MSFT’s stock performance has been relatively choppy. It peaked above $550 in late 2025 but is around $370 now, which translates to about a 23% loss in 2026 year-to-date (YTD). Moreover, Analysts note it fell below its 50-day moving average after the profit-taking, though it’s still above long-term support.
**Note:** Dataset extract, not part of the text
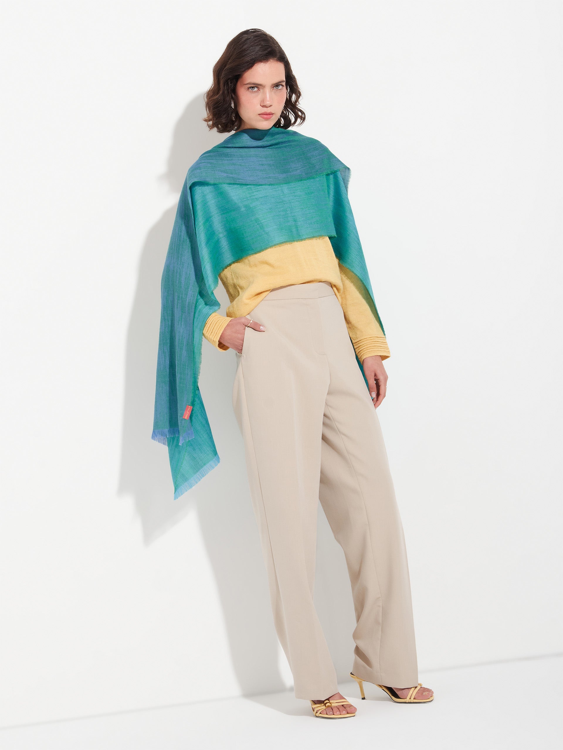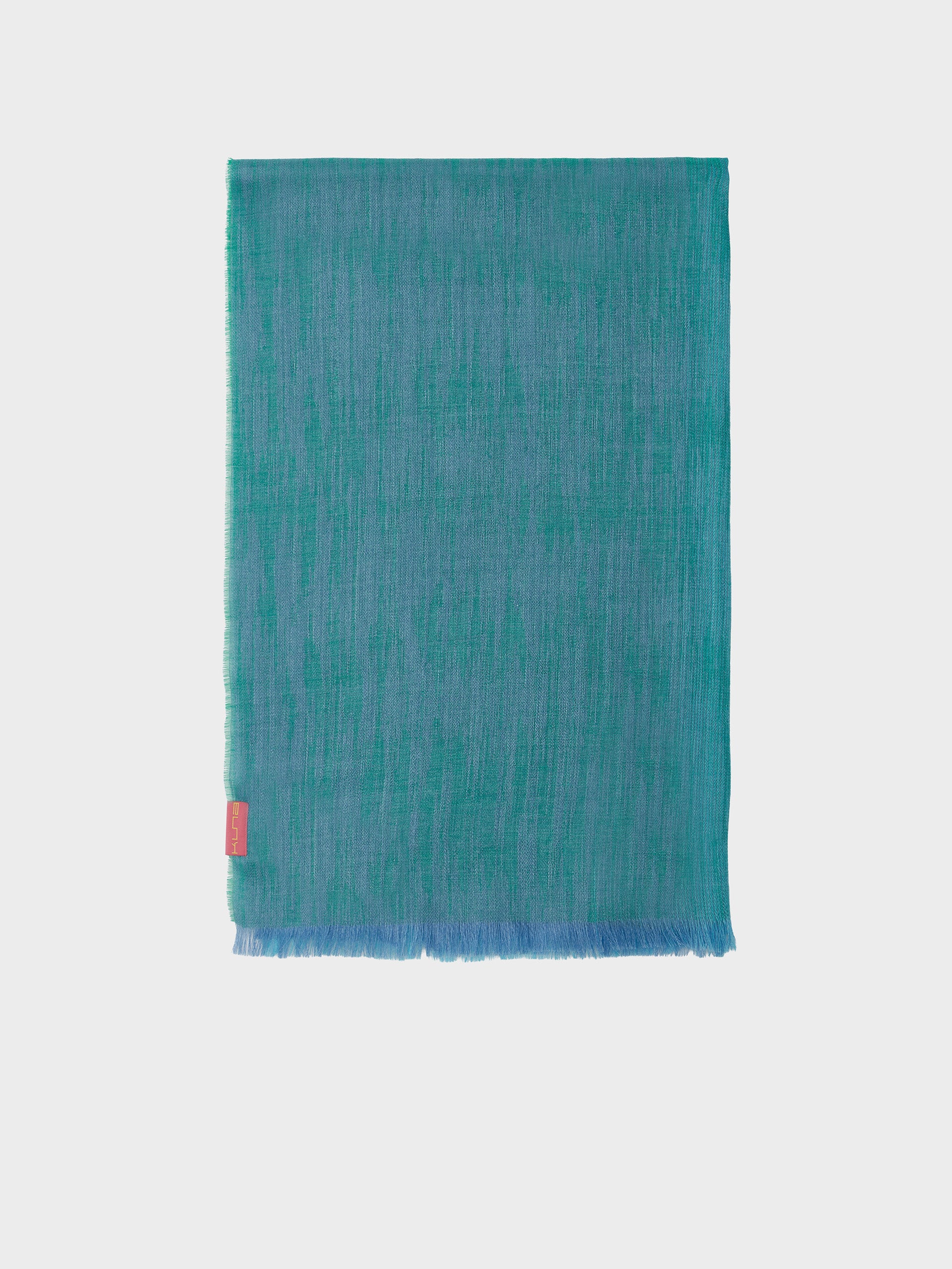 Estola Zankov en tonalidad verde, confeccionada en baby alpaca y seda. Presenta un diseño jaspeado desflecado en tejido satín jacquard, que aporta textura y movimiento. Ideal para complementar con elegancia cualquier atuendo. | Material predominante: Baby Alpaca

That said, Microsoft’s forward P/E of 22× is now one of the lowest among big tech; many of its peers trade above 40×, making it look cheaper by comparison. The consensus 2026 growth outlook also justifies this valuation: Wall Street expects 15% to 18% revenue growth through FY26, Azure 25% to 30%, and Office steady.
Benchmarks Bullish Call
Benchmark’s latest note has stirred interest. Yi Fu Lee sees Microsoft’s dip as a buying opportunity. He flags Microsoft’s massive data ecosystem, e.g., 1 billion Windows users, 300 million Office seats, LinkedIn, and GitHub, as a moat. The $450 target implies about 25% upside from today’s price. More importantly, investors seem to have taken a second look at Microsoft’s pipeline. For example, Bank of America said Microsoft’s “dual advantage” in owning both AI infrastructure and end-user apps should sustain 15% to 17% growth.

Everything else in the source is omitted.